Produce an exact transcription of the listing below, omitting the pictures.

--- DATASET EXCERPT Enclosed Below ---

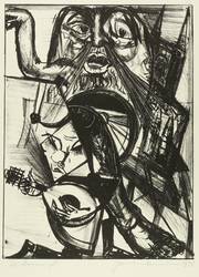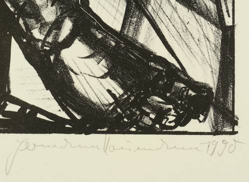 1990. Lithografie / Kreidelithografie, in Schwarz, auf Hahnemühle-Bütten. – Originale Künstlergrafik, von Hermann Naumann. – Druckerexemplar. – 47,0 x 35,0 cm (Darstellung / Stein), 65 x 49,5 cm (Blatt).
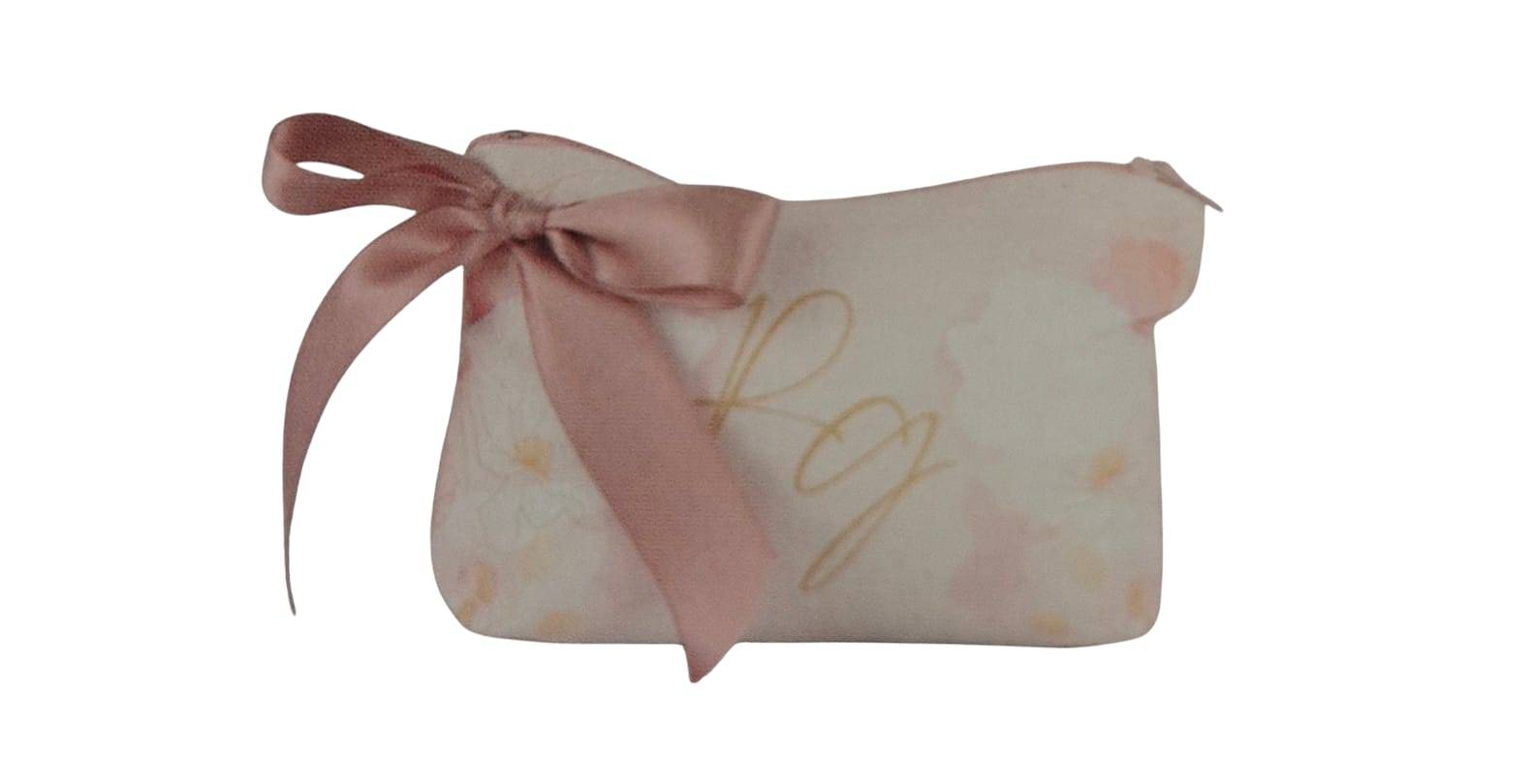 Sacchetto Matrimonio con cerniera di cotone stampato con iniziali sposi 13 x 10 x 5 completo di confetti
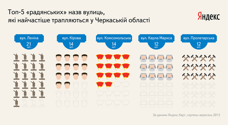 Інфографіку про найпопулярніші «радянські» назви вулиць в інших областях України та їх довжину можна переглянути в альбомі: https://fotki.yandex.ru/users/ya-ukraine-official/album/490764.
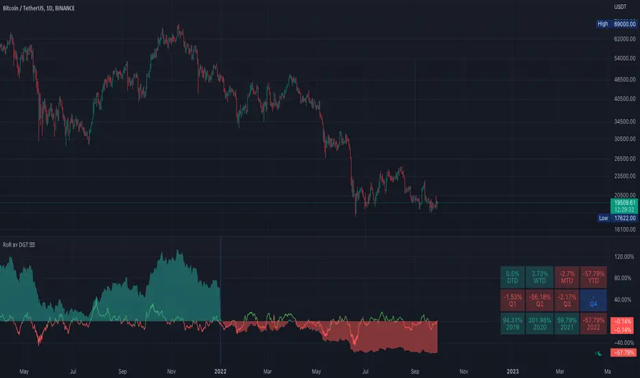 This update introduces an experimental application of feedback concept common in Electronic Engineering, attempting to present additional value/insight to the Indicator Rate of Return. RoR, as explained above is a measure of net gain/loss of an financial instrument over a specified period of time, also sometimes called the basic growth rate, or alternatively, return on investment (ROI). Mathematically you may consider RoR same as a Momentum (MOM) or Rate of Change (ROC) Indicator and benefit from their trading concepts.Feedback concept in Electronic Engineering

--- End of Enclosed DATASET EXCERPT ---

▶ **OUTPUT OF THE TASK**
 1990. Lithografie / Kreidelithografie, in Schwarz, auf Hahnemühle-Bütten. – Originale Künstlergrafik, von Hermann Naumann. – Druckerexemplar. – 47,0 x 35,0 cm (Darstellung / Stein), 65 x 49,5 cm (Blatt).
 Sacchetto Matrimonio con cerniera di cotone stampato con iniziali sposi 13 x 10 x 5 completo di confetti
 Інфографіку про найпопулярніші «радянські» назви вулиць в інших областях України та їх довжину можна переглянути в альбомі: https://fotki.yandex.ru/users/ya-ukraine-official/album/490764.
 This update introduces an experimental application of feedback concept common in Electronic Engineering, attempting to present additional value/insight to the Indicator Rate of Return. RoR, as explained above is a measure of net gain/loss of an financial instrument over a specified period of time, also sometimes called the basic growth rate, or alternatively, return on investment (ROI). Mathematically you may consider RoR same as a Momentum (MOM) or Rate of Change (ROC) Indicator and benefit from their trading concepts.Feedback concept in Electronic Engineering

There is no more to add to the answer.